Lab 8: Solutions

Authors:	Luke Shrimpton Sharon Goldwater
Date:	2014-11-01, 2015-11-10, 2016-11-08
Copyright:	This work is licensed under a Creative Commons Attribution-NonCommercial 4.0 International License: You may re-use, redistribute, or modify this work for non-commercial purposes provided you retain attribution to any previous author(s).

Examining the data files

What word's cooccurrence statistics are listed on the second line of the counts file?

less /afs/inf.ed.ac.uk/group/teaching/anlp/lab8/counts shows that the counts file starts like this:
```
138489679
0       328506  7550202 13      6270 17 23198 19        19541 18 ...
```
The second line lists the cooccurrence statistics for the word whose word ID is 0. To figure out which word that is:
```
grep '^0' /afs/inf.ed.ac.uk/group/teaching/anlp/lab8/wid_word
```
which shows that the word is blog.
How many distinct words are left in our data set?

wc /afs/inf.ed.ac.uk/group/teaching/anlp/lab8/wid_word

shows that there are 210516 lines in the file, i.e. 210516 distinct words.

Examining and running the code

How big is the wid_word dictionary?

len(wid_word)
What is the id of '@bbcnews' and what word has the id 200?

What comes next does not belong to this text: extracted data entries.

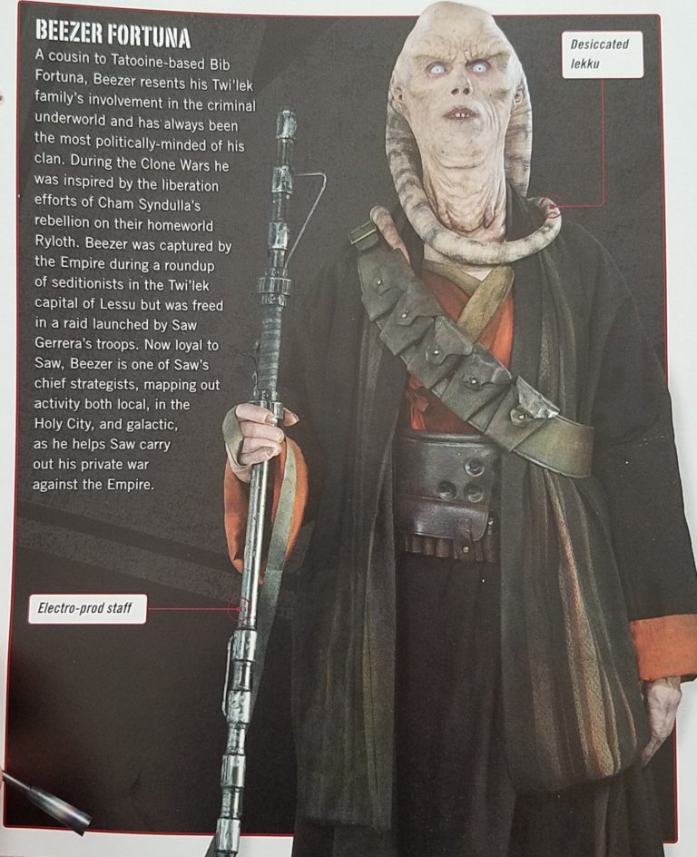 Beezer Fortuna was a male Twi'lek who lived during the Age of the Empire. A cousin of Bib Fortuna, Beezer was a member of the Partisans led by Saw Gerrera, and was on Jedha at the time of the Destruction of Jedha City.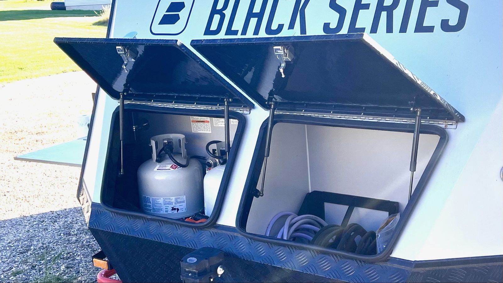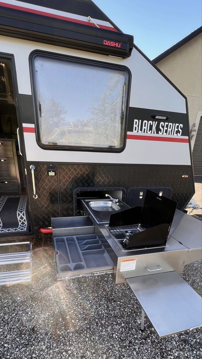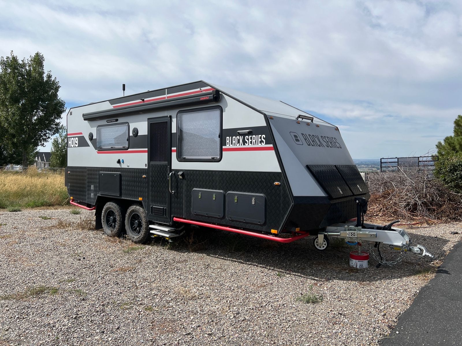 The 2021 BLACK SERIES HQ19 is a top-of-the-line travel trailer that combines luxury and functionality for your outdoor adventures. Practically brand new and ready to hit the road. Used for 1 trip. The BLACK SERIES brand is known for its high-quality, rugged construction that can withstand any terrain, making it the perfect choice for off-the-grid camping trips.2021 Black Series HQ19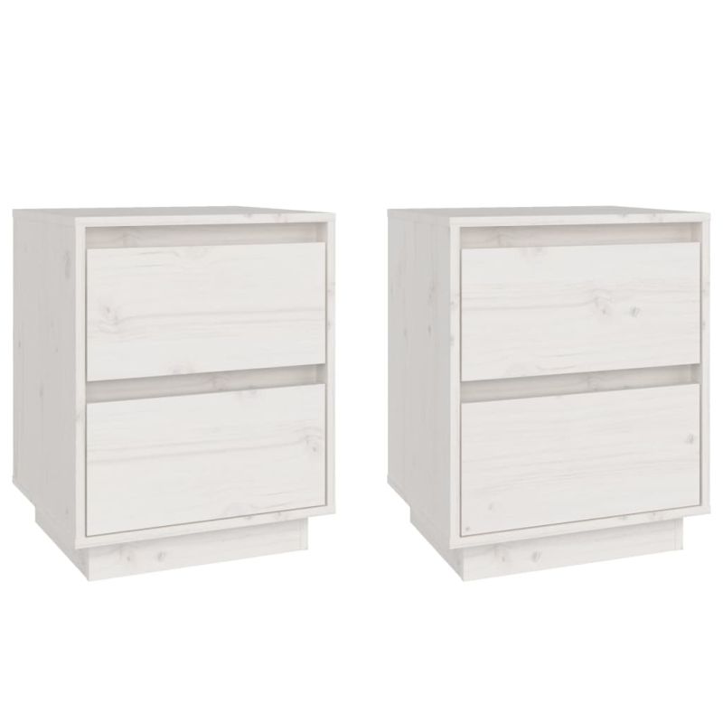 Начало Мебели Маси Нощни шкафчета Нощни шкафчета, 2 бр, бели, 40x35x50 см, борово дърво масив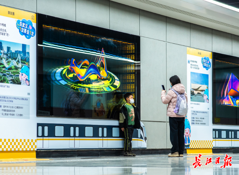 11号线光谷四路站,家长带孩子打卡。 记者陶常宁 摄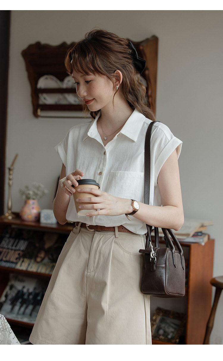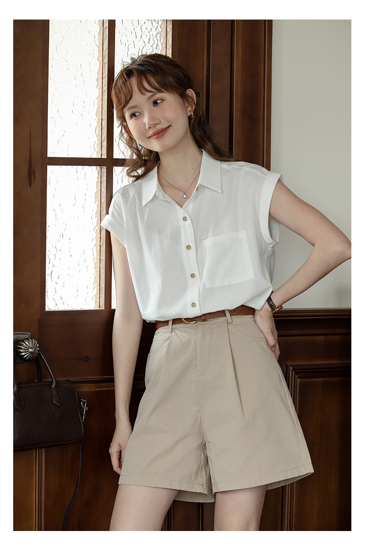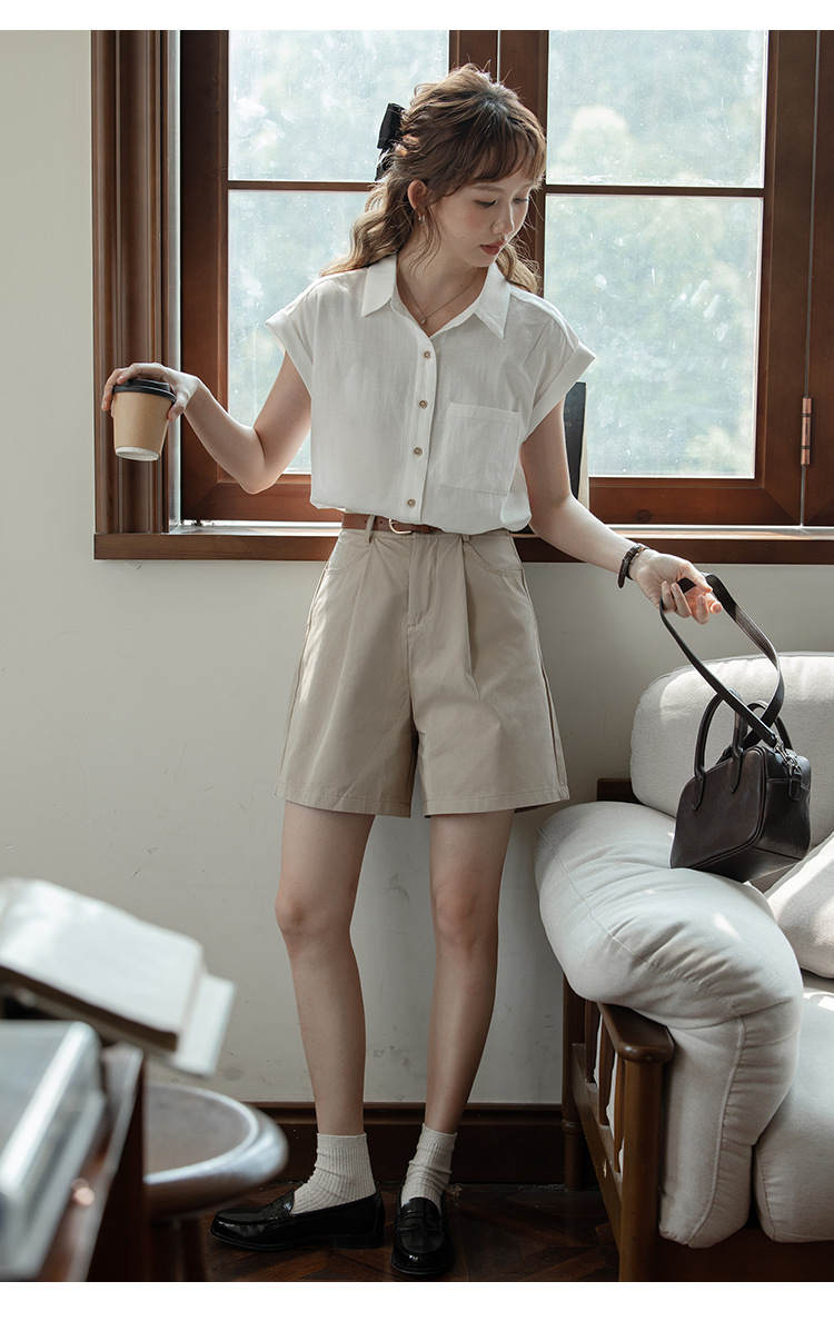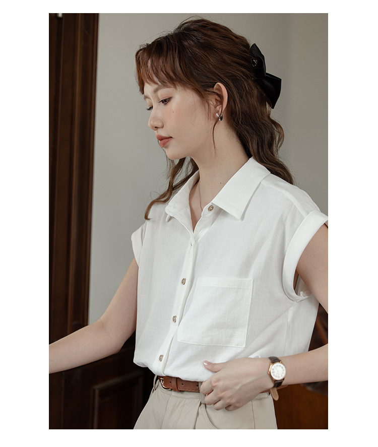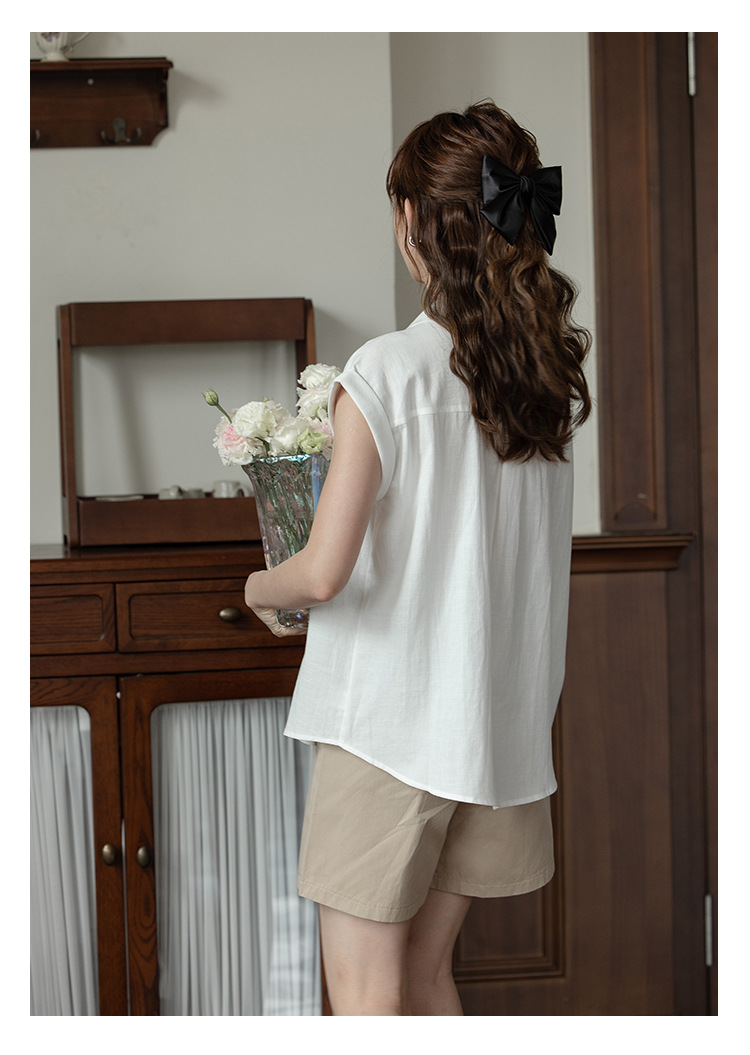 Ins Bull Ear 슬리브 디자인 센스 화이트 셔츠 여성용 짧은 소매 2024 여름 새로운 통기성 휴식 센스 패션 센스 셔츠스토어 가기

word_wid['@bbcnews'] wid_word[200]

shows id is 14379 and word is princess.
Check whether the following words exist in the dataset: 'bob', 'toast', 'insektors', 'looovvee', 'you', 'Norman', ':-)'.

You can check this by doing word_wid[w] for each word w in the list. You will get a key error for the words that don't exist.

'bob': exists

'toast': exists

'Norman': doesn't exist because it contains a capital letter. The lowerc ase version norman is in the dataset.

'insektors': doesn't exist, presumably because of low frequency

'looovvee': exists

'you': doesn't exist. This is a high-frequency words so presumably filtered out as a stopword

':-)': doesn't exist because it contains punctuation
What data type is o_counts[word_wid['love']] and co_counts[word_wid['love']]?

The first is an integer, the second a dict (keys are word id's, values are counts)
How many times does the word '@justinbieber' occur in the dataset?

o_counts[word_wid['@justinbieber']]

yields 703307.
How many times does the word '@justinbieber' co-occur with 'love'?

co_counts[word_wid['@justinbieber']][word_wid['love']]

yields 120573
How many times does the word '@justinbieber' co-occur with 'hate'?

co_counts[word_wid['@justinbieber']][word_wid['hate']]

yields 4393

Do Twitter users like Justin Bieber?

See lab8-sol.py for code. The PMI values for 'love' and 'hate' are 2.197 and -0.639 respectively, indicating that Twitter users like Justin Bieber. The trend holds up if you add other pos/neg words as well, though exact numbers will vary.

Husbands and wives

Which of these two words occurs more in this dataset? By how much? What are some possible explanations for this difference? (There are quite a few!)

husband occurs only about half as much as wife (71258 vs 137077). I originally thought of two reasons: (1) people don't talk about husbands as much as they talk about wives, or (2) there are more men on Twitter than women, and everyone talks about their spouses equally often. Previous students thought of lots of other possibilities:
- husband/wife are used self-referentially and there are more women than men on twitter, or women just refer to their role as wife more.
- women tend to use other words for their husband (eg. hubby, or the husband's name).
- men just tweet more than women (even if the number of users is similar).
- Some popular movie, TV show or book with wife in the title came out at the time this data was collected.
If you were using this dataset for research and the relative counts of these words mattered, you might want to do some further work to figure out the reason for it. It's always good to think about why the data is the way it is, don't just take it at face value.
Are there noticeable differences in the sentiment of tweets in which people refer to husbands or wives? If so, what are they?

The differences in sentiment are not large. In both cases people are more likely than chance to love a spouse (slighly more so for husbands) and less likely than chance to hate one (slightly more so for wives).
What about other family members?

For son and daughter, there is a much bigger difference: daughters appear to be more loved.

People seem to be rather self-hating on Twitter: PMI(hate, self) is more than 2, whereas PMI(love, self) is close to 0. Though, if you look at the raw tweets you'll notice that not all instances of self refer to the person posting. So, there might be more interesting things going on here. You could try looking at a more specific word like myself but you'd need to change the preprocessing because that word has been filtered out of our dataset.

child has small positive sentiment, whereas kid has both positive and (more) negative one, indicating very different usage.

If you expand the list of sentiment words, you're likely to find similar results to the above but less pronounced. You may also find that some of the negative PMI scores are now positive. This seems to indicate that although people might not use the word hate specifically, they do still express negative sentiment about the target words.